Going public through a direct listing skirt investment-banking underwriter and that means companies do not raise money for themselves. Instead, employees and early investors can sell their shares on the first day of trading.

Alex Karp, Chief Executive Officer of Palantir Technologies


Photo:

Thibault Camus / Associated Press

The NYSE on Tuesday afternoon published so-called reference prices for two shares: $ 7.25 a share for Palantir and $ 21 a share for Asan. Money does not change hands on the reference price, but the value acts as a placeholder in exchange for a formal IPO price and is based on recent private-market transactions. Both Spotify and Slack ended their trading debut well above the reference prices published by the NYSE.

Palantir’s bankers have told investors that the shares could start trading near $ 10, the Journal reported last week, giving the company a fully diluted valuation of about $ 22 billion. Asan’s market capitalization is likely to be close to $ 5 billion to $ 6 billion, one of the people familiar with the matter said.

In a direct listing, buyers and sellers do not match at night, as in a traditional IPO. Instead, the company only floats its shares in the open market, meaning that the true price at which it can take a long time to open a stock for trading, traders say.

When Spotify listed its shares via direct listing – the first major company to go public through this method – its stock did not open until 12:43 pm, usually later in the day than in traditional IPOs. Business commences.

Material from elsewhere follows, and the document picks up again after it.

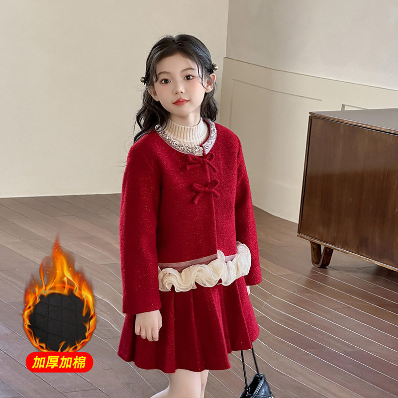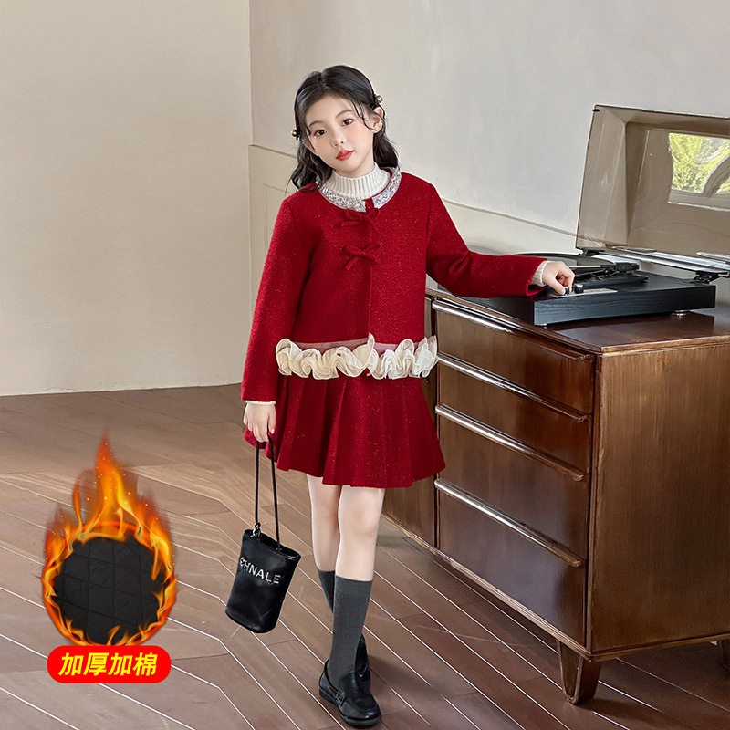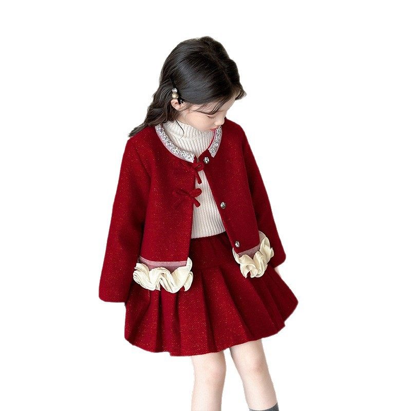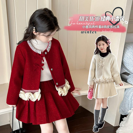 女童轻奢秋冬款红色小香风套装裙重工高级感短外套气质名媛两件套

Since the opening may take so long, the current plan is for both companies to start the price-discovery process, shortly after the market opens, according to some people familiar with the matter. Another option to stagger the price-discovery process — it would mean a company might not open until late afternoon, one of those people said. The person said that even if both companies go through the process simultaneously, neither is likely to open until at least 11:30 pm, and one or both may be delayed until 1 pm.

Even though price discovery for both companies starts around the same time, one of the people close to Prasad said that the goal is to set the companies’ first trades an hour or two apart, partly from the stock-market To prevent instability.

Since direct listings do not have a long history and the process has not been extensively tested, some advisors have expressed disappointment that there should be anything wrong with trading in any stock, it would not be clear that direct-listing. Whether the process failed or not is to blame the sheer volume of business.

Stocks will make their debut in a market where investors are crowded for new issues – especially from tech companies. Even in traditional IPOs like data-warehousing company Snowflake Inc.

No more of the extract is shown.